Austin Design is fortunate to be practicing architecture in a naturally beautiful and artistically-diverse area, right here in western Massachusetts and southern Vermont. Last week, Brattleboro hosted the 13th Annual 2014 edition of the Strolling of the Heifers, a Vermont event to end all homegrown New England events. If you haven’t been, you must remedy that situation next June. But the flagship parade of youthful bovines is only the most attention-getting production of this multi-faceted non-profit; it also organizes many other activities devoted to supporting the production and promotion of all things local, especially food and farms, of course, but all with an eye toward better, and fuller,  community-based living.

orly munzing slow living latchis

Strolling of the Heifers Founder and Executive Director Orly Munzing opens the first Slow Living Summit evening at the Latchis Theatre.
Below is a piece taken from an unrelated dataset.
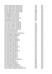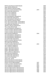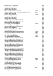 Robinia pseudoacacia (Scheinakazie) 2020 Fagus sylvatica (Rotbuche) 2024 Pinus sylvestris (Gemeine Kiefer) 2024 Quercus coccinea (Scharlach-Eiche) 2019 2019 Acer platanoides (Spitzahorn) 2025 Ulmus minor (Feldulme) 2025 Ulmus minor (Feldulme) 2025 Ulmus minor (Feldulme) 2025 Acer pseudoplatanus (Bergahorn) 2021 Acer platanoides (Spitzahorn) 2020 Acer pseudoplatanus (Bergahorn) 2020 Pinus sylvestris (Gemeine Kiefer) 2020 Pinus nigra (Schwarzkiefer, Schwarzföhre) 2023 Pinus nigra (Schwarzkiefer, Schwarzföhre) 2023 Acer platanoides (Spitzahorn) 2023 Ailanthus altissima (Götterbaum) 2023 Tilia cordata (Winterlinde) 2025 Acer pseudoplatanus (Bergahorn) 2019 Fraxinus excelsior (Gemeine Esche) 2019 Fraxinus excelsior (Gemeine Esche) 2019 Fraxinus excelsior (Gemeine Esche) 2019 Betula pendula (Weißbirke) 2018 2019 Acer pseudoplatanus (Bergahorn) 2019 Acer pseudoplatanus (Bergahorn) 2019 Acer pseudoplatanus (Bergahorn) 2019 Acer platanoides (Spitzahorn) 2025 Fraxinus excelsior (Gemeine Esche) 2020 Betula pendula (Weißbirke) 2019 Acer platanoides (Spitzahorn) 2023 Fraxinus excelsior (Gemeine Esche) 2016 2023 Acer campestre (Feldahorn) 2019 Acer campestre (Feldahorn) 2019 Juglans regia (Walnussbaum) 2022 Juglans regia (Walnussbaum) 2019 Juglans regia (Walnussbaum) 2019 Acer saccharinum (Silberahorn) 2020 Betula pendula (Weißbirke) 2019 Acer platanoides (Spitzahorn) 2020 Acer platanoides (Spitzahorn) 2022 Ulmus minor (Feldulme) 2020 Ulmus spec. (Ulme) 2020 Robinia pseudoacacia (Scheinakazie) 2024 Robinia pseudoacacia (Scheinakazie) 2022 Populus simonii (Birkenpappel) 1977 2020 Fraxinus excelsior (Gemeine Esche) 2001 2019 Cercis siliquastrum (Judasbaum) 2024 2025 Cercis siliquastrum (Judasbaum) 2024 2025 Aesculus hippocastanum (Rosskastanie) 1987 2020 Aesculus hippocastanum (Rosskastanie) 2006 2020 Aesculus hippocastanum (Rosskastanie) 2006 2025 Aesculus hippocastanum (Rosskastanie) 1982 2022

One of these related events is the Slow Living Summit, a series of presentations tied to community health, healing, wellness, and happiness. This year it was decided that the plenary sessions would be presented as multi-dimensional storytellings, with the primary speakers being paired with area artists to present a more holistic, mind/body effect. Strolling’s Director Orly Munzing worked with Linda McInerney, the festival’s artistic director, to put the program together. A couple of ADi’s staff attended the opening evening session on June and we are rather pleased to report that two of our clients were on the main stage at the newly restoredLatchis Theatre on lower Main Street. Erica Wheeler, a Colrain neighbor and well-known area singer-songwriter, performed several songs, with the audience contributing inspiration on the final number. Appropriately enough, Erica’s work often centers around the connections between people and places. And Dr. Samantha Eagle, of Biologic Integrative Healthcare, was paired with renowned guitarist John Sheldon and yoga instructor Lindel Hart of Shelburne Falls, for her presentation on The Well Being: Health, Healing, and Community Lifestyle Medicine.
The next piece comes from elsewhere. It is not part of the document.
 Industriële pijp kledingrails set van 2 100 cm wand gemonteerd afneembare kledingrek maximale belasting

erica wheeler colrain slow living

Erica Wheeler, Colrain-based singer-songwriter and an Austin Design client,  addresses the audience at the Slow Living opener at the Latchis.

samantha eagle biologic interagtive healthcare lindel hart slow living

Dr. Samantha Eagle, of Biologic Integrative Healthcare in Brattleboro, rehearses her presentation with Lindel Hart of Hart Yoga in Shelburne Falls, MA. Austin Design is developing the striking new headquarters for Dr. Eagle’s multi-faceted practice, to be built on Flat Street just across from the Latchis Hotel and Theater’s historic Art Deco structure. Photo by the Brattleboro Reformer.

A Slow Living approach can and should include finding a reconnection with our dwellings, our individual niches in the living landscape. An awareness of these connections is an integral part of the design and function of these most intimate places; Austin Design believes that a  fitting architecture derives from collaboration and understanding, a team approach melding knowledge, passion, and expertise resulting in “Architecture for Enjoying Life.” We’re privileged to be in a region where these values are honored and prevalent. And where they have parades for cows.